Read more in the :ref:User Guide <metrics>.

Parameters

  • X : array [n_samples_a, n_samples_a] if metric == 'precomputed', or, [n_samples_a, n_features] otherwise Array of pairwise kernels between samples, or a feature array.

  • Y : array [n_samples_b, n_features] A second feature array only if X has shape [n_samples_a, n_features].

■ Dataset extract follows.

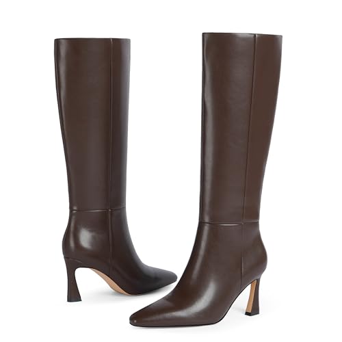 Sole material: RubberShaft height: Knee HighShaft circumference: 15.35 InchesOuter material: Faux LeatherStiletto Heel Design: A 3.27-inch (8.3 cm) heel with a textured sole provides better grip and stable, comfortable strides on any surface. It perfectly elevates your leg and body line.High-Quality Materials: Crafted with smooth PU leather, breathable lining, and a cushioned insole, these womenβs knee-high boots offer year-round comfort. The soft inner lining minimizes friction for a comfortable stride.Convenient Side Zipper: Featuring a full-size side zipper, these knee-high boots for women are easy to put on and take off, making them perfect for busy mornings or quick outfit changes.For All Occasions: These fashionable boots are suitable for daily life, going out, shopping, work, club nights, vacations, dating, parties, and more.Customer Service: Our pointed toe boots are true to US size, Please refer the size chart before you purchase.Please contact us if you have any questions. Perfect for everyday use. first-class materials and excellent craftsmanship ensure long-lasting durability.

  • metric : string, or callable The metric to use when calculating kernel between instances in a feature array. If metric is a string, it must be one of the metrics in pairwise.PAIRWISE_KERNEL_FUNCTIONS. If metric is 'precomputed', X is assumed to be a kernel matrix. Alternatively, if metric is a callable function, it is called on each pair of instances (rows) and the resulting value recorded. The callable should take two rows from X as input and return the corresponding kernel value as a single number. This means that callables from :mod:sklearn.metrics.pairwise are not allowed, as they operate on matrices, not single samples. Use the string identifying the kernel instead.

  • filter_params : boolean Whether to filter invalid parameters or not.

  • n_jobs : int or None, optional (default=None) The number of jobs to use for the computation. This works by breaking down the pairwise matrix into n_jobs even slices and computing them in parallel.

    None means 1 unless in a :obj:joblib.parallel_backend context. -1 means using all processors. See :term:Glossary <n_jobs> for more details.

  • **kwds : optional keyword parameters Any further parameters are passed directly to the kernel function.

Returns

  • K : array [n_samples_a, n_samples_a] or [n_samples_a, n_samples_b] A kernel matrix K such that K_{i, j} is the kernel between the ith and jth vectors of the given matrix X, if Y is None. If Y is not None, then K_{i, j} is the kernel between the ith array from X and the jth array from Y.

Notes

If metric is 'precomputed', Y is ignored and X is returned.